Phase Locked Loops ( PLL) and Delay-Locked Loops (DLL) circuits are often used as clock generator, frequency synthesizers, clock de-skewing and clock data recovery for microprocessors. PLL is used to multiply the clock frequency and then align the edges of the distributed output clock to the received clock. It is basically a closed loop frequency control system, which is based on the phase sensitive detection of phase difference between the input and output signals of the controlled oscillator. The PLL accomplishes this task by adjusting the frequency of a voltage-controlled oscillator (VCO) or digital-controlled oscillator (DCO) which drives the output clock so that the distributed clock, once divided in half and fed back to the PLL, matches frequency and lines up with the received clock. This simple application requires certain features in the PLL, like the ability to accept a feedback clock and the ability to multiply the input frequency.
The good design of PLL-based clock generator considers high frequency/phase resolution, fast lock-in time, low jitter performance, low power consumptionh, low area cost. It is a trade-off and it is not easy to meet all consideration we need. Design time is also a significant issue. How to quickly finish the design task and tape out is very important. For the purpose to meet many applications, wide bandwidth is another request. But bandwidth need more area cost and power consumption.

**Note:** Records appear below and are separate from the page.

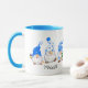 Tasse de vacances avec 3 gnomes de Noël mignons et drôles en casquette bleu. Personnalisé avec votre monogramme/nom. Concevez un pour chaque membre de la famille. Rempli de cacao, de bonbons ou de petites friandises, il fera un cadeau parfait pour les membres de la famille et les amis. Choisissez votre couleur de tasse avant de commander.
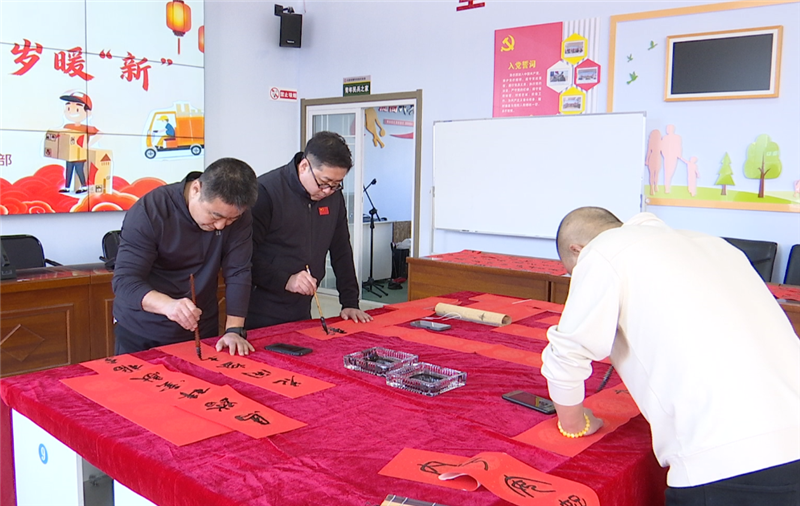 活动现场暖意融融,洋溢着喜庆的新春氛围。写春联与包饺子同步进行,热闹非凡。书法家现场挥毫泼墨,创作出一副副寓意吉祥的春联与福字,由市委社会工作部工作人员送到辖区新就业群体手中。在包饺子区域,街道工作人员分工协作、默契配合,和面、擀皮、包馅,一个个饱满的饺子在手中成型。这些饺子被精心分装后,送往了辖区困难群众和独居老人家中。笔墨传递祝福,饺子温暖人心,让新春关怀直达群众心坎。
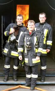und zeigt die Ausbilder nach dem Flashovertraining vor dem Brandcontainer.
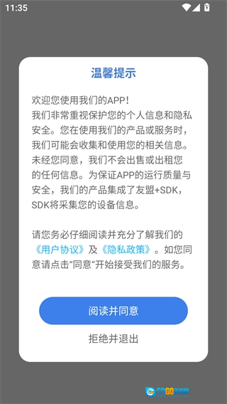 1、安装该软件并将其打开,点击“阅读并同意”相关选项,随后进入软件的主界面;
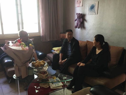 党委书记史百战在组织部长薛志忠、人事处长郭萍、副处长卢志辉的陪同下来到省级教学名师严英秀老师家中慰问。史书记代表学校向严英秀老师送上节日的祝福,对严英秀老师所做出的贡献表示由衷的感谢,并对她的奉献精神表示崇高的敬意。
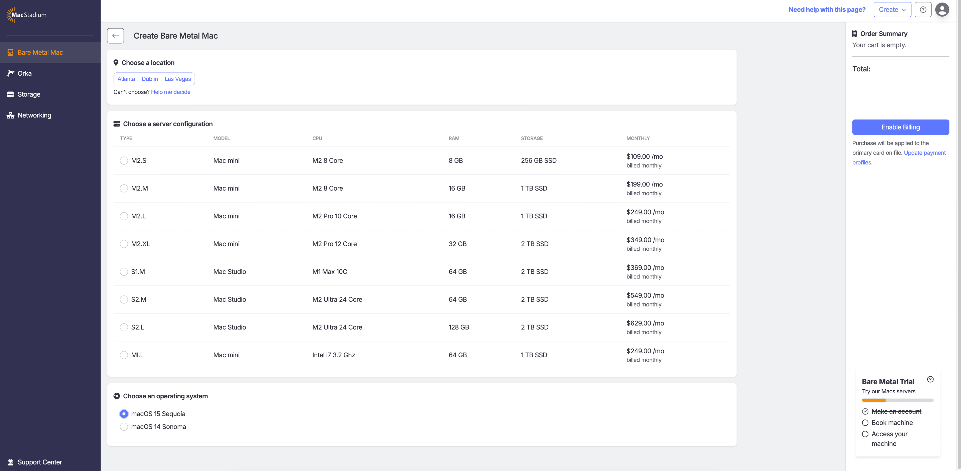 macOS 15 Sequoia is available for you to select as your installed OS on your MacStadium Bare Metal Mac.
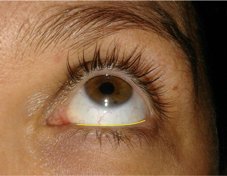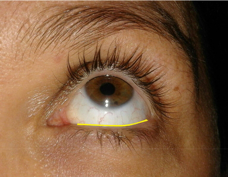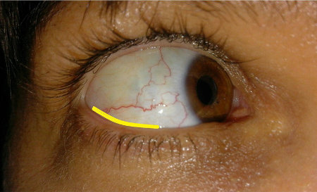 Our third test quantifies the inflammation of the conjunctiva. TFOS has recently highlighted inflammation with dry eye syndrome. It is based on the fact that conjunctival inflammation is always accompanied with conjunctival thickening due to inflows of inflammatory bodies and oedema. It means that instead of smoothly sliding over the eye, the eyelid contact is less than perfect. It is a probable cause of lid wiper epitheliopathy. We noticed that the lower lid tear meniscus gets smaller on upward gaze if the conjunctiva is inflamed and the drop is greater and in proportion with tear hyperosmolarity.

In System-on-a-Chip (SoC) design, the cell can be reusable and process is a good way to reduce design time. Design time is very important for time-to-market. Most PLL design use mixed signal and integrated with digital design. That will spend long time to do full customized design. How to develop a All-digital-Phase-Locked-Loops (ADPLL) become a more and more important task. ADPLL can be easily implemented in different process generation with few ultra tasks.
1.2 Thesis
Motivation
The thesis is based on All-digital-Phase-Locked-Loops (ADPLL). There are several advantages for ADPLL design over their analog counterparts [1]. The advantages include lower power consumption [2], easy to change with scaling in different process and no DC offset issue as analog design [3].
There are an ever-increasing number of portable applications requiring low power design concept. For example, notebook, cellular phone, PDA , digital camera, full-motion video and audio. etc. There are three major sources of power dissipation in CMOS circuit in the equation below,
Ptotal = pt(CL .V.Vdd.fclk) + Isc.Vdd + Ileakage.Vdd (1.1)

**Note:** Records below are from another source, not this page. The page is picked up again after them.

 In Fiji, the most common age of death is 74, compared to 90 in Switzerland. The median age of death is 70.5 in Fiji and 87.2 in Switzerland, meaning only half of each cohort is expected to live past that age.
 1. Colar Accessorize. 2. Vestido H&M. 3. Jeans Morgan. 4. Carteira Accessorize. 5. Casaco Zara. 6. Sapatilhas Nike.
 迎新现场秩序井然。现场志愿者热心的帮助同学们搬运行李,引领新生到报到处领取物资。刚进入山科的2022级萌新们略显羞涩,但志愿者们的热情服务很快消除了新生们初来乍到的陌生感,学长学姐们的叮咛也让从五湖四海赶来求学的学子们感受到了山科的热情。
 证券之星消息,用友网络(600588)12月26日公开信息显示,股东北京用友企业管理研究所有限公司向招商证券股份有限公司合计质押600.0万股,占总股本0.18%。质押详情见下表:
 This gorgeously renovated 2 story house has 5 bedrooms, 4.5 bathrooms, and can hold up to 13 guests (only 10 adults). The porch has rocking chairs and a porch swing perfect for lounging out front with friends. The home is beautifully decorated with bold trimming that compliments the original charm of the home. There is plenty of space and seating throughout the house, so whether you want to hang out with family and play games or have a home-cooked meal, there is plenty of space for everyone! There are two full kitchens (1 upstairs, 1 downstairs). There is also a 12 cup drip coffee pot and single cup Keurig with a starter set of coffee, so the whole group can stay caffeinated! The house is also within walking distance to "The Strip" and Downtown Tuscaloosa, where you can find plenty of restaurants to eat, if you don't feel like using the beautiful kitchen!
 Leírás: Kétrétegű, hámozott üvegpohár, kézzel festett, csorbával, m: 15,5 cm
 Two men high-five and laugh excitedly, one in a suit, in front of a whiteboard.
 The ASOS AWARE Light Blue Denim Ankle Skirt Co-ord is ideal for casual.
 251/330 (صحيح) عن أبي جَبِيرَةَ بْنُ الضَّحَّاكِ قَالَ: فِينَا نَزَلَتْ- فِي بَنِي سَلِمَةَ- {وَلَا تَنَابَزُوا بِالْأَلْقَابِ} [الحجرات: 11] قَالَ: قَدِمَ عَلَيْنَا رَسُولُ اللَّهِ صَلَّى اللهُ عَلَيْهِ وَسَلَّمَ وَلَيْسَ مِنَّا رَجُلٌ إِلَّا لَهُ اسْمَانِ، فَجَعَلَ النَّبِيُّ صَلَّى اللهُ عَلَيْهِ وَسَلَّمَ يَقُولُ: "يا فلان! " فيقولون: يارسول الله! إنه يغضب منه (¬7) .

The first term is the switching component of power, pt is the probability that a power-consuming transition occurs. The second term is direct-path short current. The third term is leakage current arise from substrate injection and subthreshold effects. In the “well-designed” circuit, the dominant term is switching component. We can minimize pt, CL, Vdd to meet our low power target.
For time-to-market propose, it can reduce both design time and design complexity by using Verilog hardware-description language. And it is easy to implemented by auto placing and routing (APR) tools. For different process migration, it is not necessary to change behavior of digital with scaling, the only effort is to synthesize with new library and put it to layout by APR. If we use analog design, we need to re-design the circuit and implement to layout by manual. It will spend much time to do a good analog circuit.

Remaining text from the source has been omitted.